А.Н. Болдырев 12 февраля 1942 года смог записать: «Когда ушел он <Франковский> – неизвестно, известно лишь, что около 12 ч. в ночь с 31-го на 1-е февраля он шел по Литейному на угол Кирочной и ощутил такой упадок сил, что вынужден был отказаться от мысли дойти до дому. Он свернул на Кирочную, чтобы искать приюта у Энгельгартов (дом Анненшуле), но по лестнице подняться уже не мог. Упросил кого-то из прохожих подняться до квартиры Энг<ельгар>та, известить их. Было 12 ч. В этот момент как раз испустил дух на руках у жены сам Энгельгарт. Она, больная, температура 39, крупозное воспаление легких, сползла вниз (прохожие отказались помочь) и втащила А. А., уложила его на „еще теплый диван Энгельгарта“. Там он лежал и там умер 3-го утром. Жена Энгельгарта кого-то просила передать, чтобы зашли к ней знакомые его, узнать обо всём. Сразу они не смогли, а когда зашли, числа 7-го, 8-го, обнаружили, что жена Энг<ельгар>та тоже умерла накануне. По-видимому, перед смертью ей удалось отправить в морг Дзержинского района тела Энгельгарта и Франковского вместе, на одних санках».

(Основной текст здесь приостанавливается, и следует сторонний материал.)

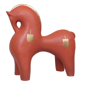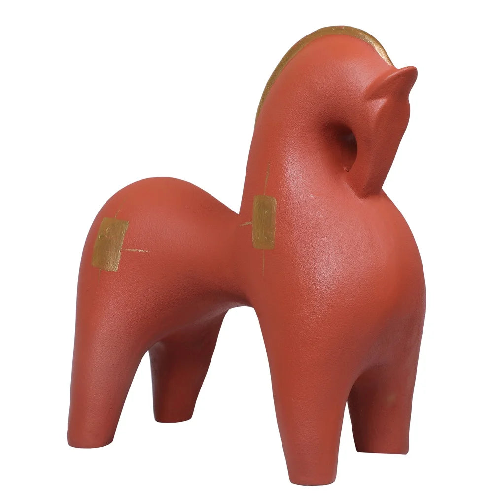 Polyresin Horse Sculpture Showpiece, 27.3cm, Terracotta & Gold

Так что, с чувством вкушая с Прустом похожее на морскую ракушку печенье «мадлен», размоченное в теплом чае, не забывай, читатель, и о 125 граммах блокадного черного хлеба, похожего на полкуска хозяйственного мыла…

Стоп-машина времени
ПРУСТ «Под сенью девушек в цвету»

Марсель Пруст (1871–1922) завершитель и новатор одновременно. Из маменькиного сынка и богатого дилетанта этот сноб, сибарит и гедонист сумел превратиться в героя труда, автора семитомной эпопеи «В поисках утраченного времени». Это две с половиной тысячи страниц плотного текста, интеллектуальной арабески современной Шехерезады для утонченных ценителей словесности.

Писатель скормил своему труду не только собственную жизнь со всеми потрохами, не только похоронил с почестями «эпоху экипажей» Третьей республики во Франции вместе с пышным и болезненным цветением культуры fin de siècle, не пережившей Великой войны (как и сам автор, по существу), но также подвел черту под пятисотлетним великолепием французской классической литературы, заложив один из краеугольных камней литературы модернизма ХХ века. Зачем он это сделал, и как ему это удалось? Хороший вопрос.

Наверное, потому что его перестали устраивать ответы на вызовы жизни даже его прежних кумиров – Анатоля Франса, перед которым он преклонялся, теоретика прерафаэлитов Рёскина, которого он переводил с английского, и крупнейших английских, французских и русских романистов, которых принято считать реалистами. Неореализма захотелось Прусту, пересмотра реалистической конвенции, существовавшей доктринально и по умолчанию между писателем и читателем. И он отдался потоку сознания, только не такому хаотичному, как у Джойса, а в духе французской традиции – эссеистическому и рассудительно-импрессионистскому. Как-никак Франция страна рационально мысливших философов и моралистов и лучших мемуаристов и живописцев последних столетий, родина изощренного остроумия и жанра эссе в литературе.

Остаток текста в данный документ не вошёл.